While it may seem morose, it’s also quite fascinating to examine this data set of the last words of inmates who were executed by the State of Texas. The data set includes information about the inmates and links to their last statements. While the data may not be as practical as some other sets on this list, the historical value of the information cannot be ignored.
Mushrooms can be potentially harmful or delicious in food dishes. To separate the toxic from the tasty, researcher Jeff Schlimmer took records from the National Audubon Society Field Guide to North American Mushrooms and created this data set that organizes 23 species of gilled mushrooms into categories of “definitely edible,” “definitely poisonous,” and “unknown.” The best advice is to stick to what’s definitely edible.
“Does it fart?” began as a Twitter hashtag that captivated fart-lovers everywhere. To answer the question, this odorous data set was created on OpenDataSoft with 80 different animal species along with the answer to the infamous question. The data set also includes specific notes like, “They do it often and have no shame,” for orangutans.
Toys are things to play with for children, but they’re something else entirely for researchers at the Courant Institute of New York University. The NYU Object Recognition Benchmark Dataset is intended to be used for 3D recognition of objects based on shape. To create the data set, the researchers used images of 50 different toys from five categories: airplanes, trucks, four-legged animals, human figures, and cars.

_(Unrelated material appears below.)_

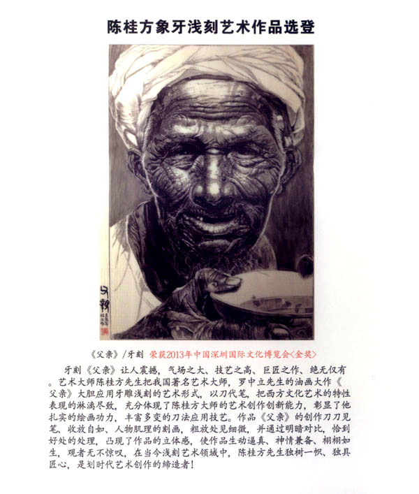 陳桂方,江蘇常州武進(jìn)人,中國(guó)著名雕刻藝術(shù)家,江蘇省工藝美術(shù)大師、研究員級(jí)、高級(jí)工藝美術(shù)師,江蘇省非物質(zhì)文化遺產(chǎn)《象牙淺刻》代表性傳承人。畢業(yè)于中國(guó)書畫函授大學(xué),深造于清華大學(xué)、南大美術(shù)系,現(xiàn)任中國(guó)工藝美術(shù)協(xié)會(huì)會(huì)員,江蘇省工藝美術(shù)學(xué)會(huì)理事,常州市工藝美術(shù)家協(xié)會(huì)副秘書長(zhǎng),常州市工藝美術(shù)行業(yè)協(xié)會(huì)常務(wù)理事,武進(jìn)工藝美術(shù)協(xié)會(huì)副主席。陳桂方大師淺刻作品的藝術(shù)特點(diǎn):山水氣韻生動(dòng),氣勢(shì)磅礴,場(chǎng)面壯觀,刀法細(xì)膩:人物仕女生動(dòng)可人,栩栩如生,充分表達(dá)體現(xiàn)了中國(guó)象牙工藝獨(dú)具的內(nèi)在文化底蘊(yùn)和現(xiàn)代社會(huì)的審美觀念及獨(dú)特的淺刻藝術(shù)表現(xiàn)技藝。對(duì)每件藝術(shù)作品創(chuàng)作都精益求精,強(qiáng)調(diào)藝術(shù)創(chuàng)作的思想性、意境及內(nèi)涵。注重章法構(gòu)思,掌握牙刻藝術(shù)的特性表現(xiàn),作品具有鮮明生動(dòng)的時(shí)代氣息,獨(dú)具所創(chuàng)工筆與寫意相結(jié)合的牙刻藝術(shù)表現(xiàn)手法和表現(xiàn)形式,出眾、飄逸、多變的刀法技藝,粗獷處見細(xì)微、方寸間見大觀的創(chuàng)作理念深受專家權(quán)威的肯定和業(yè)內(nèi)人士的一致好評(píng)。陳桂方大師至企頑事象牙淺刻藝術(shù)創(chuàng)作近四十余載,完善了自己的創(chuàng)作體系,成就了自己獨(dú)特的藝術(shù)風(fēng)格。作品數(shù)年來連續(xù)二十多次榮獲國(guó)家最高藝術(shù)精品大獎(jiǎng)《金獎(jiǎng)》,象牙淺刻作品《李逵探母》已被國(guó)家工藝美術(shù)館收藏,并頒發(fā)了國(guó)家收藏證書,在全國(guó)數(shù)十年間尚屬首次。當(dāng)前,陳桂方牙刻藝術(shù)作品已深受廣大海內(nèi)外業(yè)內(nèi)人士、收藏家們的鐘愛、青睞、熱藏,并被譽(yù)為當(dāng)代最杰出最具潛質(zhì)的實(shí)力派藝術(shù)大師。

Dog lovers take a lot of time to find the perfect name for their pooch and this data set from the European Data Portal provides insight into dog owners from the Swiss city of Zurich. There are over 7,000 names in the database and include names like Akosambo's Black Massai Ulani, Zorro of Blue Diamond, and Windy Nights Nice Angel.
Bike sharing is all the rage in major urban areas across the globe. For anyone curious about the duration of every single ride taken in Montreal through the BIXI bike-share service, BIXI provides complete trip history data sets separated by month. While the information is most useful to BIXI itself to determine pricing systems and use-rates, the data sets can also be beneficial to public health researchers looking to prove that bicycling is making Montreal residents healthier.
For anyone who’s ever been annoyed by random text messages advertising free money and crazy scams, there’s the SMS Spam Collection data set. The set comprises of over 5,000 messages compiled by the University of California Irvine Machine Learning Repository. The information was collected from various sources, including U.K. forum Grumbletext, a Singaporean university database, and a Ph.D thesis. The messages in the data set are categorized as real messages, aka “ham,” or illegitimate messages, aka “spam.” The ultimate goal is to use the data set to train machines to be able to recognize the difference between the two.